August 23, 2022
| By Zhang Liu | Copyedited by William, Zhang Liu
Recently, the team led by Professor Li Chun from School of Energy and Power Engineering worked together with Liverpool John Moores University to publish a research paper titled “An Intelligent Fault diagnosis for machine maintenance using weighted soft-voting rule based multi-attention module with multi-scale information fusion”in Information Fusion (IF+17.564). Xu Zifei, a doctoral student from USST, is the first author; Li Chun is the corresponding author; USST is the first corresponding unit.

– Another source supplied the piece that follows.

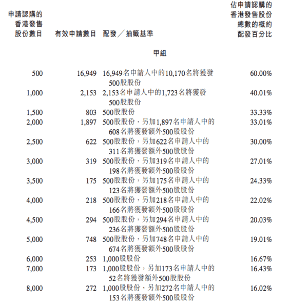 海伦司公布的招股结果显示,香港公开发售共约1.35亿股股份,接获27968份有效申请,获得30.8倍超额认购。一手500股中签率高达60%,只要认购3手就能稳中一手。由于公开发售超额认购倍数超过15倍,海伦司将2693万股从国际发售部分调至公开发售部分,公开发售的股份最终数目为4039.5万股,占发售股份总数的约30%(任何超额配股权行使前)。

The ability of engineering systems to process multi-scale information is a crucial requirement in the development of an intelligent fault diagnosis model. This study develops a hybrid multi-scale convolutional neural network model coupled with multi-attention capability (HMS-MACNN) to solve both the inefficient and insufficient extrapolation problems of multi-scale models in fault diagnosis of a system operating in complex environments. The model's capabilities are demonstrated by its ability to capture the rich multi-scale characteristics of a gearbox including time and frequency multi-scale information. The capabilities of the Multi-Attention Module, which consists of an adaptive weighted rule and a novel weighted soft-voting rule, are respectively integrated to efficiently consider the contribution of each characteristic with different scales-to-faults at both feature- and decision-levels. The model is validated against experimental gearbox fault results and offers robustness and generalization capability with F1 value that is 27% higher than other existing multi-scale CNN-based models operating in a similar environment. Furthermore, the proposed model offers higher accuracy than other generic models and can accurately assign attention to features with different scales. This offers an excellent generalization performance due to its superior capability in capturing multi-scale information and in fusing advanced features following different fusion strategies by using Multi-Attention Module and the hybrid MS block compared to conventional CNN-based models.
The wind and electricity power has made it crucial to achieving the double-carbon goal and ensure energy security. Professor Li Chun and his team members carried out research in development and utilization of wind power, and first put forward the idea of the flow adaptive control method based on fractal and intelligent bionics and the new configuration design method of blade, floating platform, and tower structure, which greatly improves the wind turbines pneumatic and functional performance.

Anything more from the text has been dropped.